Reading Notes - Ranking Automatically Generated Questions Using Common Human Queries
This post is about the following short paper:
Ranking Automatically Generated Questions Using Common Human Queries
Yllias Chali and Sina Golestanirad
Proceedings of the 9th International Natural Language Generation conference
Paper summary: This paper proposes an automatic question generation approach that can generate common and specific questions from a text passage and rank them using community based question answering systems (yahoo answers data). They use syntactic similarity between the text and question as a proxy for grammaticality. Questions are evaluated in terms of syntactic correctness and topical relevance. Their primary motivation seems to be that such question generation can be useful for users to post better search queries online.
I think the overall approach can be summarized in the following paragraph from the paper:
“Our question generation approach is built in five steps. In the first step, we tag named entities from a text which is related to the query.

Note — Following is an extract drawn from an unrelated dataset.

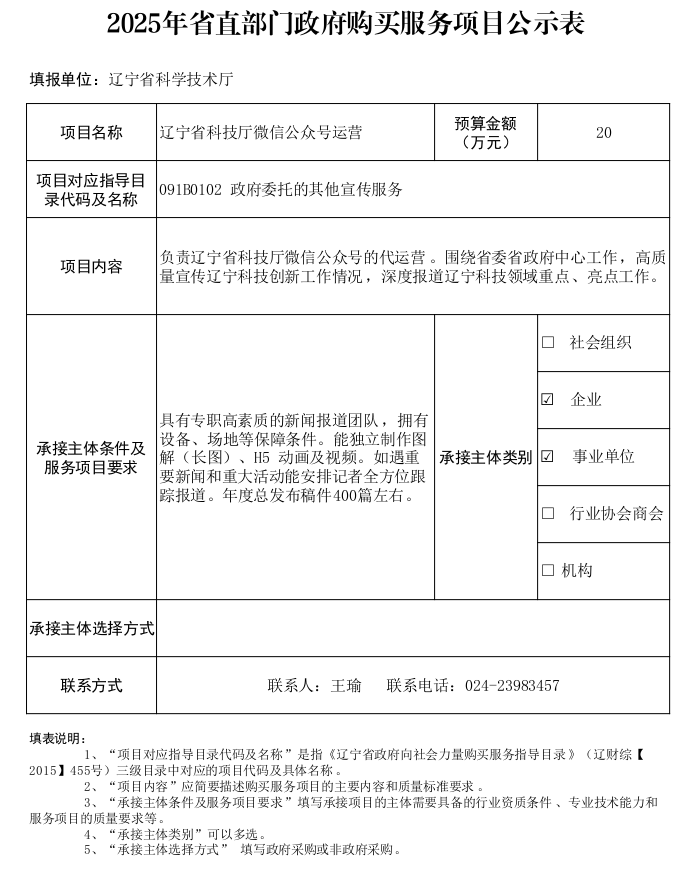 2025年省直部门政府购买服务项目公示表(辽宁快看漫画 微信公众号运营)

In the next step, we use question templates to generate basic questions, based on the tags from the previous step. In the third step, we apply a text simplifier to all of the sentences in the text and then we use a semantic role tagger to tag all of the arguments and predicates in these sen- tences. Fourth step is about applying another set of question rules to the extracted arguments and pred- icates in order to generate specific questions. In the final step, we use our proposed algorithm to rank all of the generated questions”
It would have been great if more was said about their templates which they use in Step 2 and Step 4. That would have given us a better picture about what exactly are the kind of questions being generated. From what I read, it seemed to me that the answers are probably single words or multi-word expressions, not beyond that.
I thought the relative work is compact, and yet comprehensive. This could be because I read most of those references mentioned there.
Learning question templates from community question answering systems is an interesting idea to explore.
SEMILAR seems to be an interesting library to explore in the context of looking for semantically similar texts and comparing a question and its answer in terms of relatedness.